Она смотрела с недоумением.
– Я и так знаю тебя, ка облупленного.
– Ты меня не понимаешь. Никогда не любила.
Она суровела.
– В том то и дело, что почему-то люблю.
– За что любить такое ничтожество? – оглушенно спросил я.
– Не знаю. Но не люблю в тебе дурачества. Удивительно, как ты сохранил в себе детство! Мальчишка! Ради красного словца не пожалеешь ни мать, ни отца. Никак не повзрослеешь. Хочешь прославиться на наших костях.
– Я хочу понять что-то… А ты – лишь бы напечатался.
Я поверил ее словам, вернее, тону. Для нее любовь не требует слов. Я для нее – лицемер, вместо настоящего участия мусолящий слова. Любви претит любое лицедейство по отношению к ней.

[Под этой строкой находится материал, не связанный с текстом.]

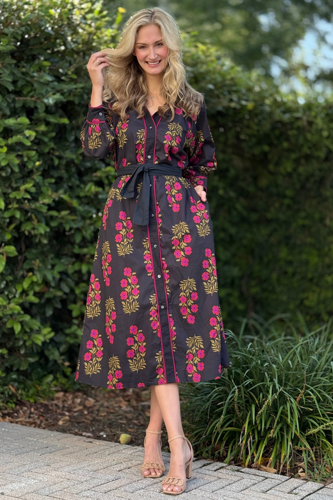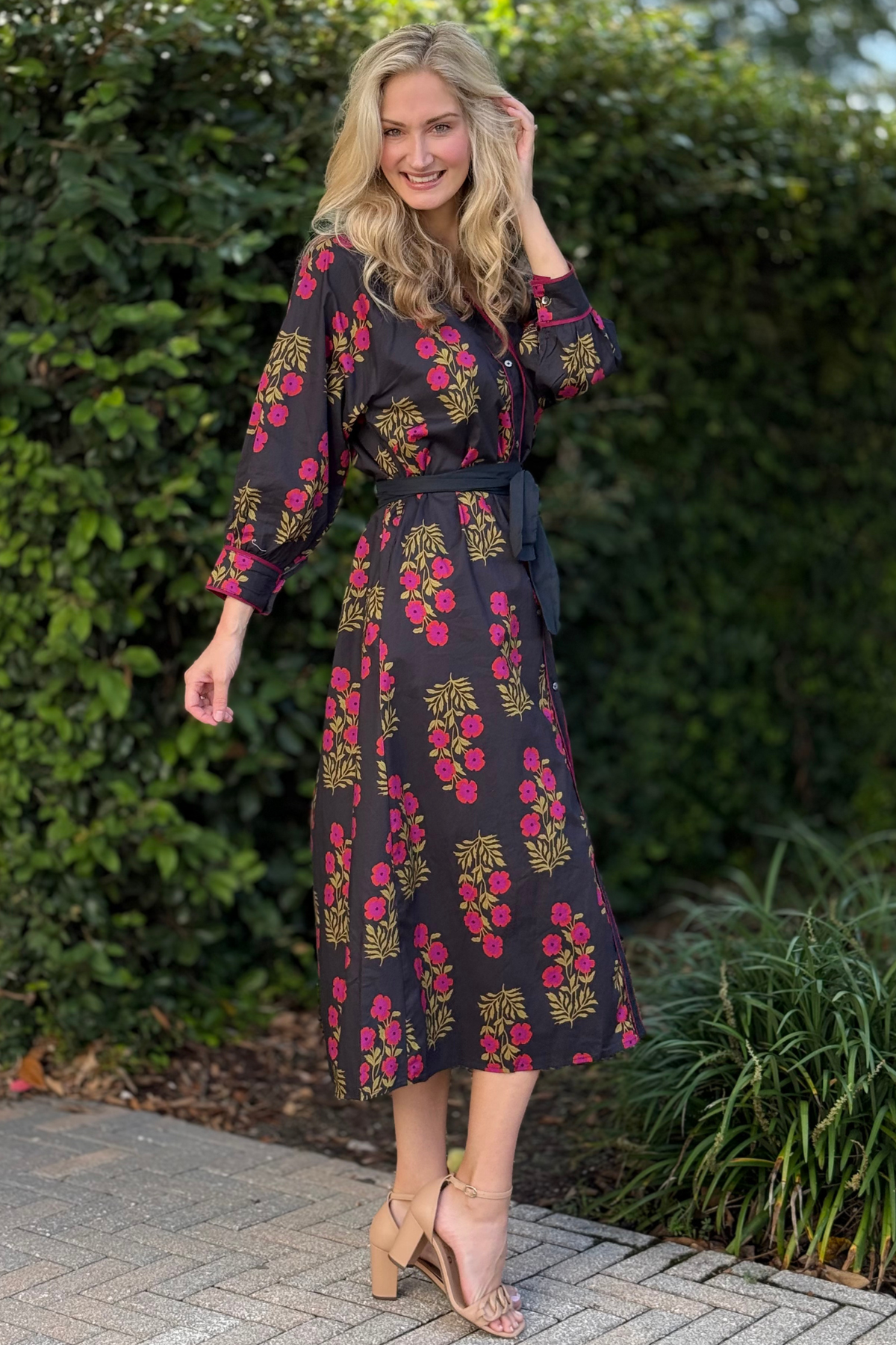 A removable self-tie belt cinches the waist for a flattering fit, while the fully lined interior ensures smooth comfort and an elegant drape. Effortlessly versatile, this dress can be styled buttoned up for a refined look or worn open as a chic duster over jeans and a tank. Whether for work, special occasions, or a cozy weekend brunch, the Victorian Vine Dress is your go-to for timeless beauty and effortless grace.

Оставалось нехорошее жжение униженности. Как мы можем любить друг друга, совершенно чужие по духу? Нет, дело в другом. Привык считать, что я умнее, – гораздо больше читал, думал, искал. А она только переживала за других, и в этом вся ее жизнь. Но все равно жгло унижение. И это останется, наверно, на всю жизнь.
И ее шумные подруги, прочитавшие мою повестушку, на встречах у нас в дни рождения и просто так, почему-то замолкали при виде меня, мне показалось, смотрели с недоумением.
Может быть, я принимаю жажду любить за любовь к конкретной женщине? Нет, это не так. Я люблю и не могу без нее.
Говорят и поют о любви, единственной, в чем смысл жизни. А повсюду происходит кровавое разделение. Наверно, любовь – не самая ценная сторона жизни человека. Есть еще что-то более важное, за что дерутся. Любовь ничего не дает развитию истории.
Или это я недолюбливаю?
____
Я разжигал себя. Равнодушное фотографическое видение – это глухота сознания, из-за ограниченного кругозора, за которым не видно глубины и безграничности мира. Жизнь – это борьба с натурализмом зрения. Один футуролог сказал: «Большинство людей плохо себя знает. Это и есть невежество человечества».
С точки зрения психиатра – все мы безумны. Вспомнить хотя бы паранойю тридцатых годов сталинского террора, не без участия народа, самовредительство, готовность жертвовать собой, бред величия, шизофрению раздвоения личности, патологию приподнятого настроения. И я, в своей слепоте, может быть, безумен. Шизофреник, помешанный на страхе кануть в небытие в космическом одиночестве, не став известным среди потомков. Может быть, желание славы – из страха космического одиночества?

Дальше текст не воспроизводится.